Recorded information
-- Opening Marker --

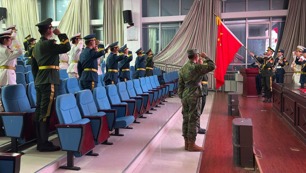 国旗护卫队队长李兴豪带领全体成员庄严宣誓,将秉承炙热的爱国之心,爱旗护旗,强化训练,提高标准,规范完成每一次国旗升降任务。
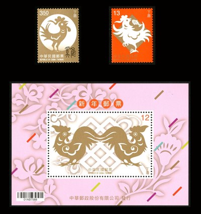 中華郵政指出,本組新年郵票採用剪影手法呈現公雞英姿煥發模樣,並輔以金色及橘紅色背景,傳達出雞年吉祥與喜慶的歡樂氛圍;小全張背景以溫暖的淡粉紅色為基調,搭配花朵及彩色斜線,以朝氣與活力慶祝新年到來。
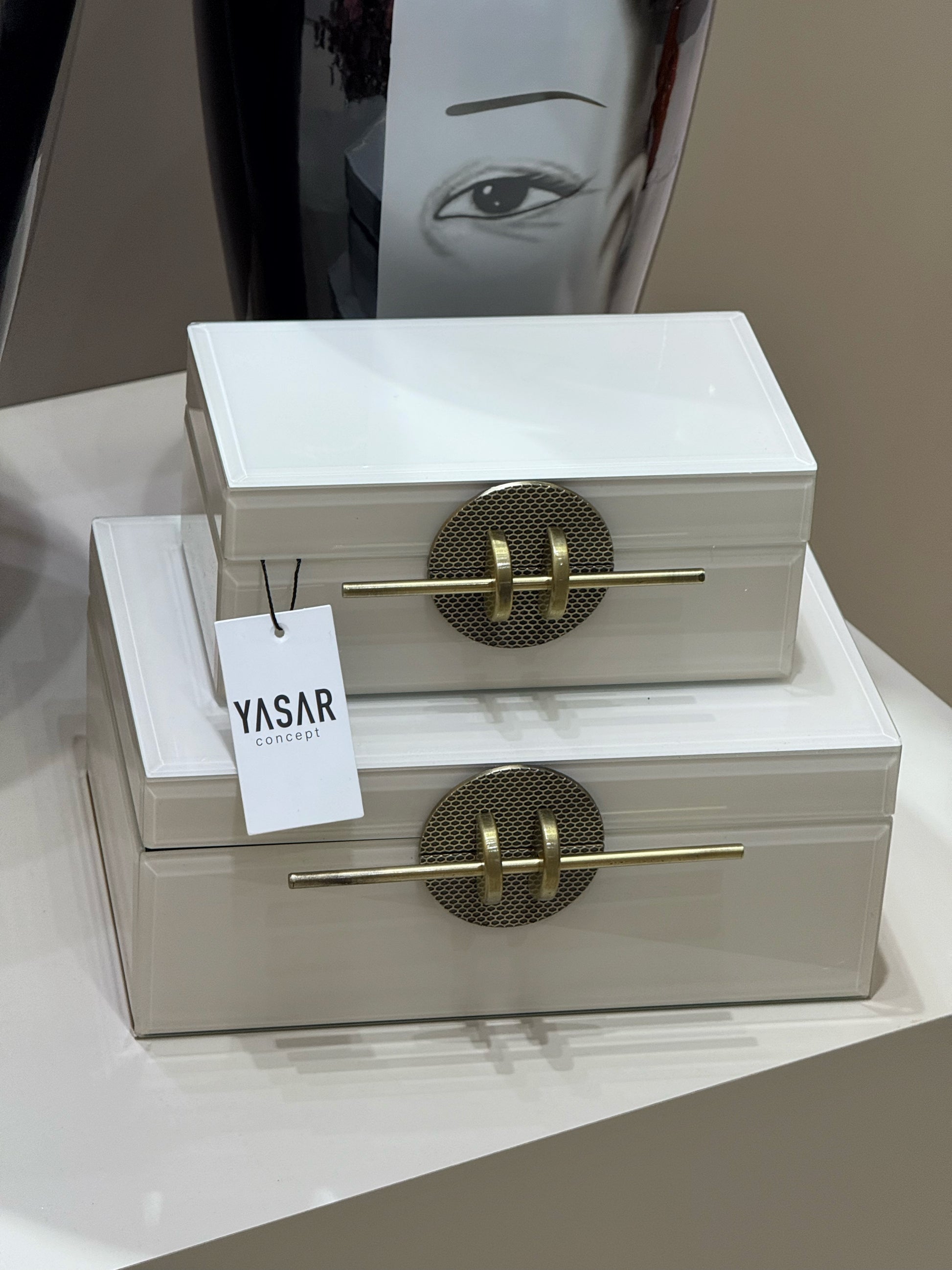 Linsta Dekoratif Cam Kutu Set Kırık Beyaz

-- Closing Marker --

What you need to do
With the pictures omitted, reproduce the data above exactly.

Output for this exercise
 国旗护卫队队长李兴豪带领全体成员庄严宣誓,将秉承炙热的爱国之心,爱旗护旗,强化训练,提高标准,规范完成每一次国旗升降任务。
 中華郵政指出,本組新年郵票採用剪影手法呈現公雞英姿煥發模樣,並輔以金色及橘紅色背景,傳達出雞年吉祥與喜慶的歡樂氛圍;小全張背景以溫暖的淡粉紅色為基調,搭配花朵及彩色斜線,以朝氣與活力慶祝新年到來。
 Linsta Dekoratif Cam Kutu Set Kırık Beyaz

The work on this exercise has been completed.